Back to National Dialogue Home Page
National Dialogue
Current Legislative Proposals

Date Index
<Previous -by date-Next>
Author Index
Subject Index
<Previous -by subject-Next>

How to make SS an urgent issue?


Rob Crowther is absolutely right. By the time the Trust Fund will have to start cashing its Government Obligations, it will be much too late to restructure Social Security on a sound basis.

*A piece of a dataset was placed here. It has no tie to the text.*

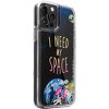 A: The case features a liquid glitter design with planets, astronauts, UFOs, and glow in the dark elements.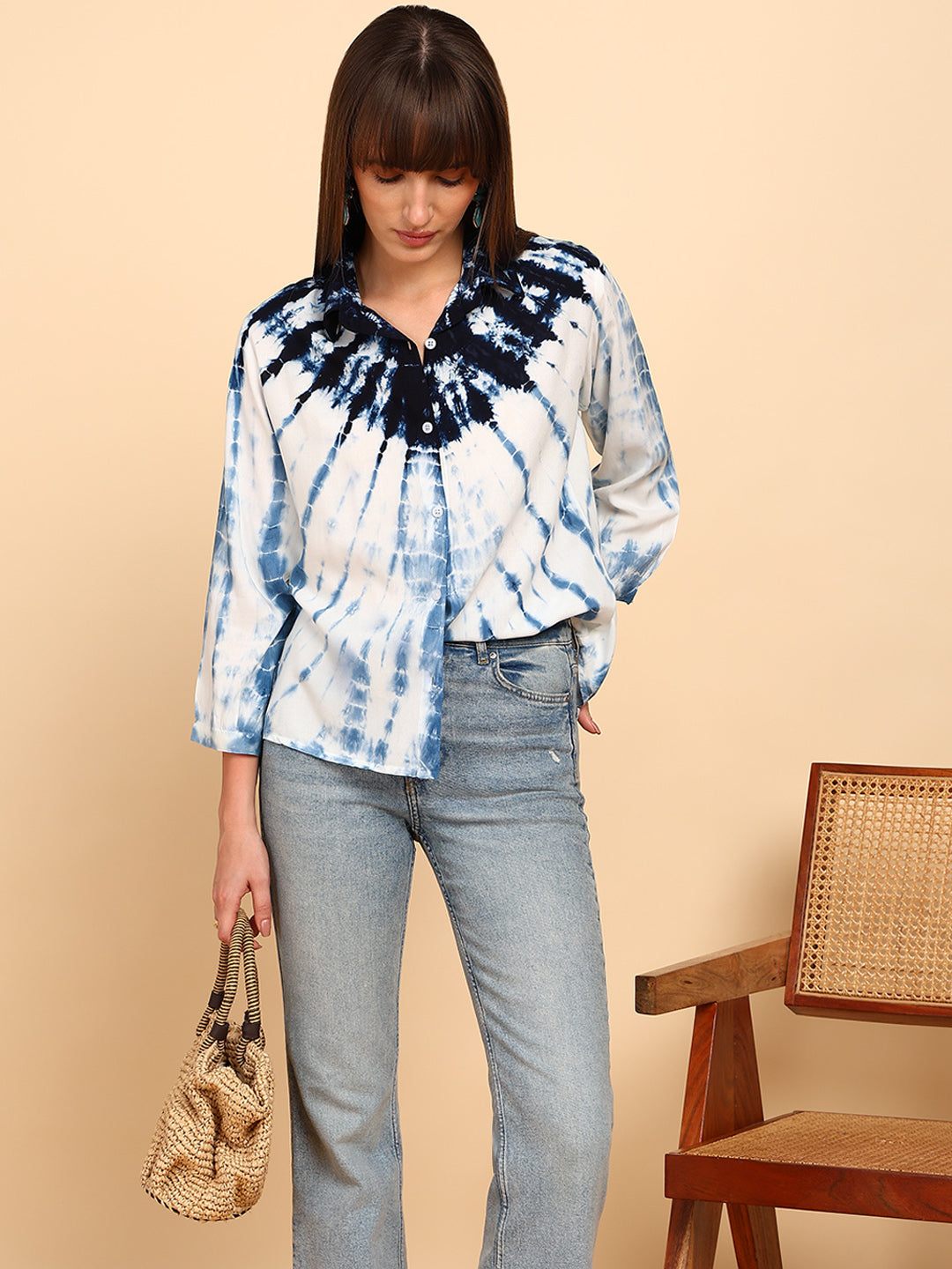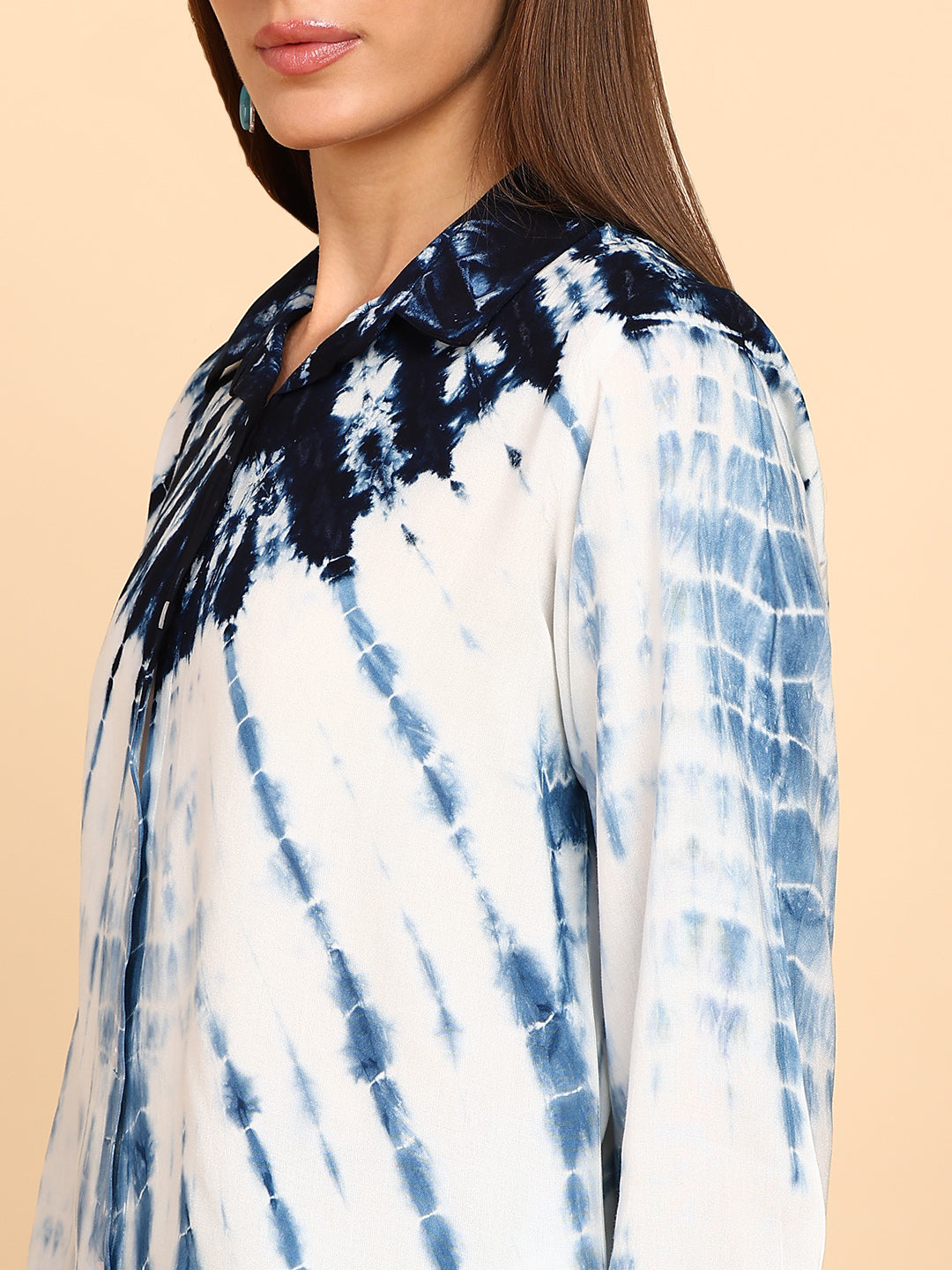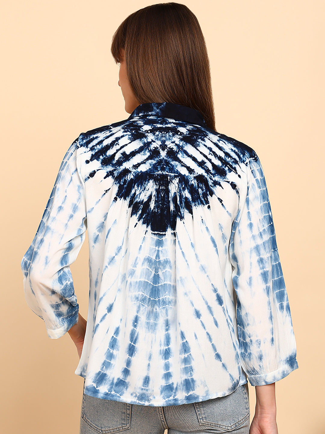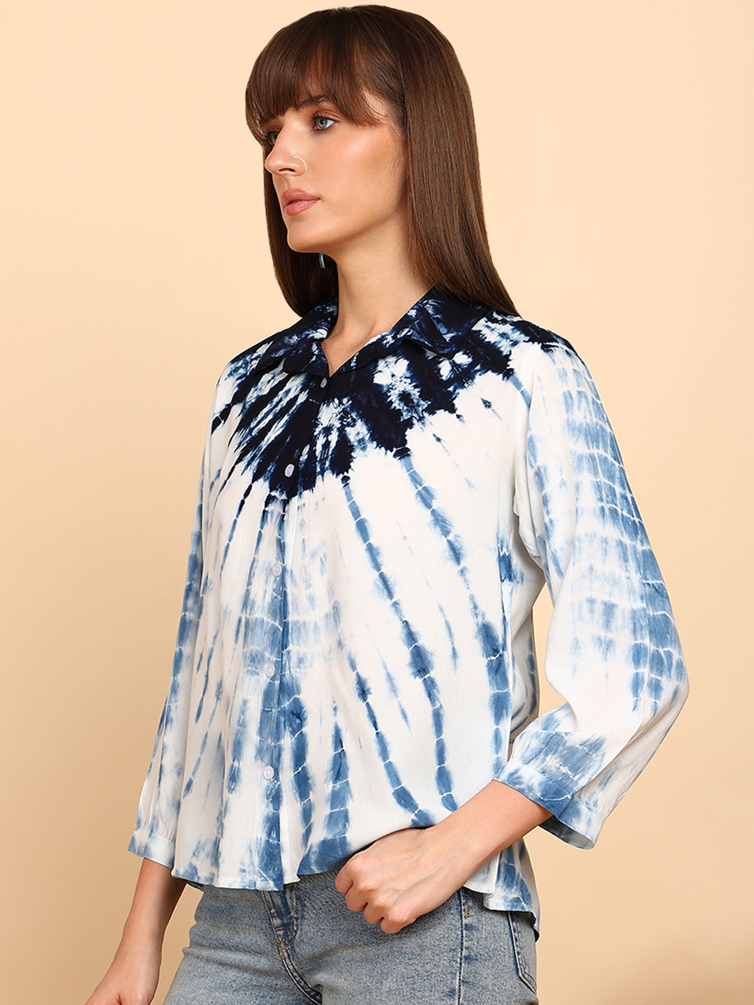 Women Rayon Staple Tie & Dye Spread Collar Regular Fit Shirt (W1772)

There are many reasons why people do not look at SS as an urgent issue:
1) generation X look at pensions as something far off, and in any case they expect their IRA, 401(k) and other plans to take care of their retirement;
2) the baby-boomers are much too busy with their jobs, their families and spending time on commuting to devote even a few minutes on a subject that requires a great deal of effort to understand fully;in any case they are sceptical that any Social Security will be there for them;
3) many economists and specialists as well as lobbies such as the AARP and the labor unions refuse to accept the fact that Social Security needs more than superficial (their word is "modest") changes and as a result, they contribute to the lack of urgency;
4) there is such a lack of knowledge of economics and finance among newspaper reporters and most employees that they tend to believe all the distortions and misrepresentations (intentional or not) that they read in newspapers and magazines;
5) from the start of Social Security in 1935, the jargon used to refer to SS (contributions, insurance, "Trust" Fund, etc) gives the wrong impressions as to the nature of the system.
What to do?
1) We must educate high school students, college students, employees, and of course educators themselves in order to disseminate accurate and reliable information;
2) We must exhort politicians to try to avoid the use of extrapolations, estimates, projections and irrelevant statistics intended to support their positions when they know that they are not an accurate representation of realities.
3) "The role of the citizen is to make easy for the politician to do the right thing". We must write to our representatives and ask them where they stand on this issue and tell them that we shall support them if they adopt a position that will help improve the solvency of Social Security.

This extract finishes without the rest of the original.